Study shows how to revive an extinct species of rat

Ever since the film Jurassic Park, the idea of ​​bringing extinct species back to life has been fascinating. A team specialized in paleogenetics sought to determine the method which would make it possible to resurrect a species of rat, the Rattus macleari.

Endemic to Christmas Island in the Indian Ocean, this species of rat disappeared about 120 years ago. The researchers didn’t go so far as to recreate a living specimen, but they say their study, published Wednesday in the journal Current Biology, shows how close scientists working on so-called ‘de-extinction’ projects could get.

“I don’t do de-extinction, but I think it’s an interesting idea and, technically, it’s very exciting,” the lead author of the work, Tom Gilbert, told AFP. University of Copenhagen.

Three techniques are explored to resuscitate extinct animals: crossing close species in order to find certain lost traits, cloning and, finally, genome editing. It is on the latter that Tom Gilbert and his colleagues looked.

Genetic manipulation

The idea is to take DNA from the extinct species and compare its genome to closely related modern species. Once the closest one has been selected, the CRISPR tool, nicknamed molecular scissors, is used to edit the modern genome, where it differs from the old one. The cells thus modified could then be used to create an embryo, to be implanted in a surrogate mother.
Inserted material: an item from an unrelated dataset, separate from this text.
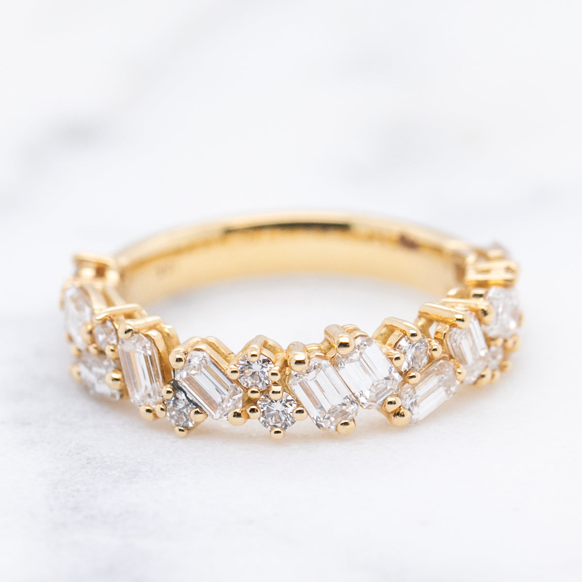 This exquisite dress ring is crafted with 18k yellow gold and features 1.75ct of lab grown diamonds. The perfect addition to any jewellery collection and a must-have for any fashion-forward individual. Available in finger size L.

According to Tom Gilbert, ancient DNA is like a shredded book. The genome of a modern species is the reference book, intact, which can be used to decipher the damaged fragments of its ancestor.

The researchers used Norway rats, commonly present in laboratories, as a modern reference species. They determined that they could reconstruct 95% of the genome of the Christmas Island rat.

Although this proportion may sound like a great success, the 5% lost are part of regions of the genome controlling the sense of smell and the immune system: the resuscitated rat would thus certainly resemble the old one, but it would lack certain key functions.

These findings have important implications for ongoing ‘de-extinction’ projects, such as a US company’s resurrecting a mammoth. Mammoths, extinct around 4,000 years ago, are as distant from modern elephants as Rattus macleari is from brown rats.

In Australia, a team is trying to revive the Tasmanian tiger, the last specimen of which died in captivity in 1936.